La Silicon Valley Bank è fallita, e non è un episodio accidentale
di Andrea Zhok - 12/03/2023
Fonte: Andrea Zhok
La Silicon Valley Bank è fallita. Se si trattasse di un
episodio accidentale di mala gestione potrebbe essere un fatto
secondario.
Tuttavia, come segnalato da molti analisti, questo
fallimento dipende in modo critico dall'inasprimento della linea
monetaria promosso dalla FED per rispondere all'inflazione (esogena).
L'inflazione
statunitense non è tanto dovuta all'aumento dei costi delle materie
prime (come avviene in Europa), quanto ad un processo mondiale generale
di vendita degli asset in dollari (ad una ridotta domanda di dollari
corrisponde un minor valore della moneta, che si traduce in inflazione).
Questo
processo ha evidenti motivazioni geopolitiche e rende esplicita la
riconduzione dell'egemonia americana ai suoi limiti "naturali"
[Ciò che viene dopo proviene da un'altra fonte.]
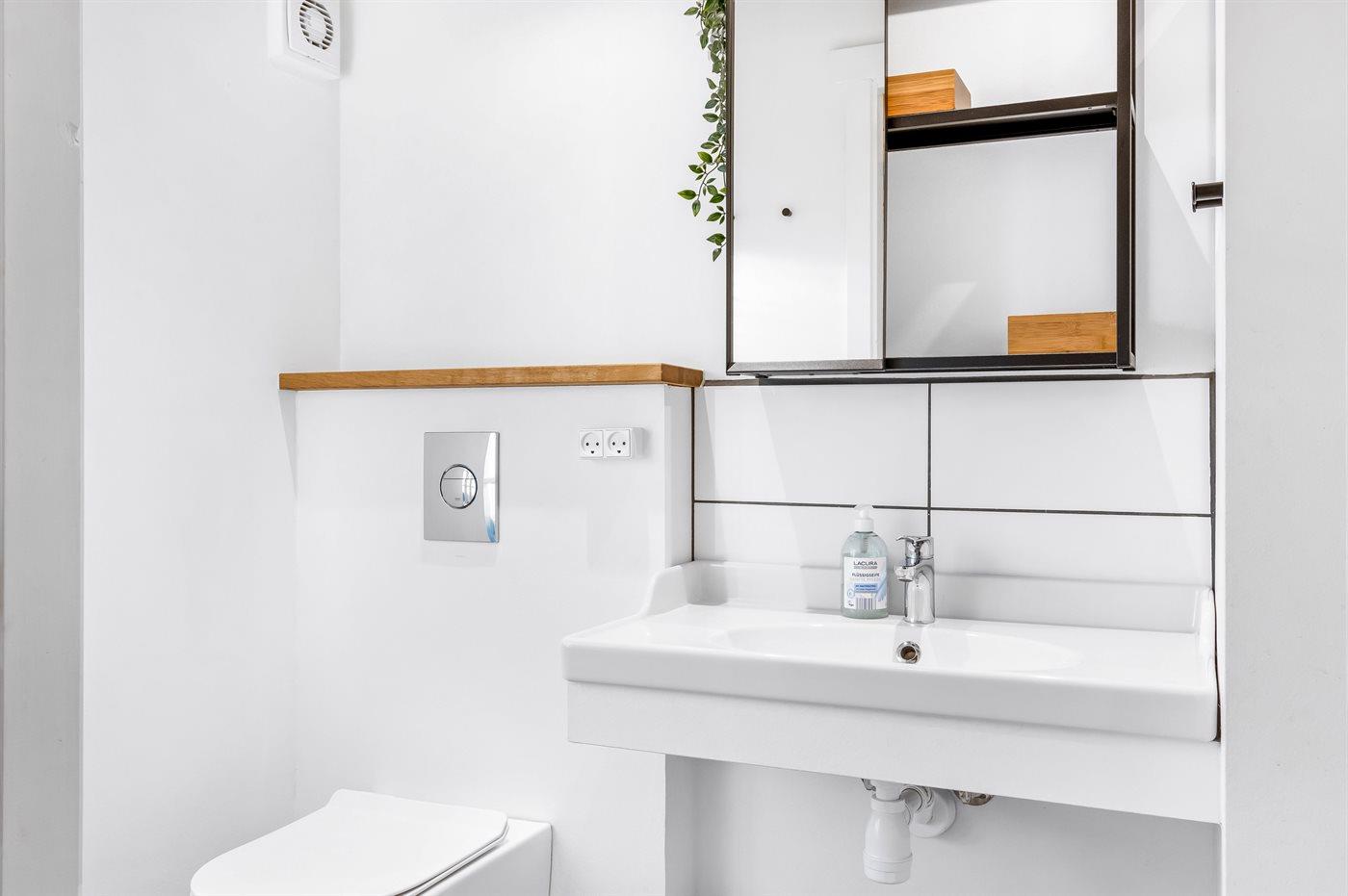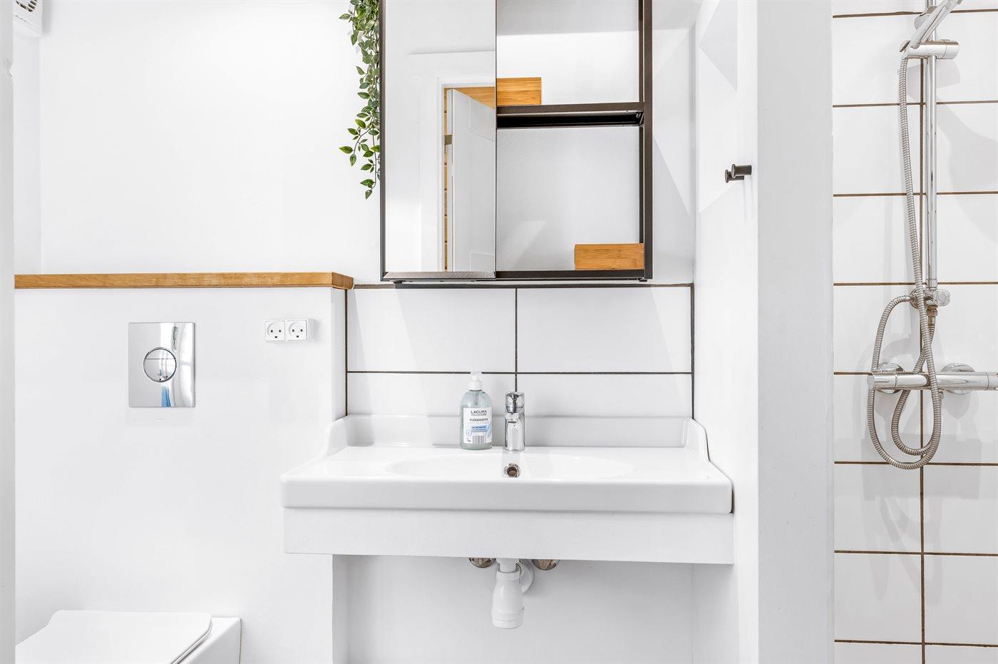 Es gibt ein neu renoviertes Badezimmer mit Duschnische und Toilette.

post-1945: gli asset in dollari vengono ceduti da quei paesi che, sulla
scorta della guerra in Ucraina, hanno percepito l'occasione di disfarsi
della onerosa tutela americana.
Un passo estremamente importante
nella stessa direzione si può vedere nella strategia di normalizzazione
dei rapporti, promossa dalla mediazione cinese, tra Iran e Arabia
Saudita (cioè tra il maggior governo sciita e il maggior governo
sunnita). Il successo diplomatico esprime il nuovo ruolo della Cina
rispetto al vasto mondo islamico.
Tutto lascia pensare che questo movimento sia semplicemente ai suoi inizi.
Ricordiamo
che il ruolo del dollaro come valuta rifugio era finora anche la
principale ragione tranquillizzante per gli USA rispetto alla
traiettoria del loro debito pubblico. Gli USA hanno infatti raggiunto il
loro massimo debitorio nella storia (125% del PIL) con un rapporto
deficit/Pil che si attesta quasi al 16%. Finché il dollaro è una valuta
rifugio, i titoli del tesoro americano hanno acquirenti garantiti, ma
quanto meno si presenta tale ruolo dominante, tanto più è facile che gli
acquisti di titoli si riducano.
Il problema all'orizzonte non è,
naturalmente, un possibile "default" del debito americano, bensì
un'operazione "restrittiva" sulle spese interne (data per certa) e
operazioni di dismissione e liquidazione di asset esteri. In sostanza,
arrivati a questo punto, per non smentire la propria politica
tradizionale, gli USA potrebbero finire per alimentare una grande
contrazione economica, che per le aree del mondo più legate agli USA si
configura come una forte pressione recessiva.
Come abbiamo già visto
nella crisi del 2008, gli scricchiolii dell'impero americano possono
facilmente finire per scaricarsi senza mediazione sugli "alleati"
(meglio sarebbe chiamarli "ammortizzatori") europei.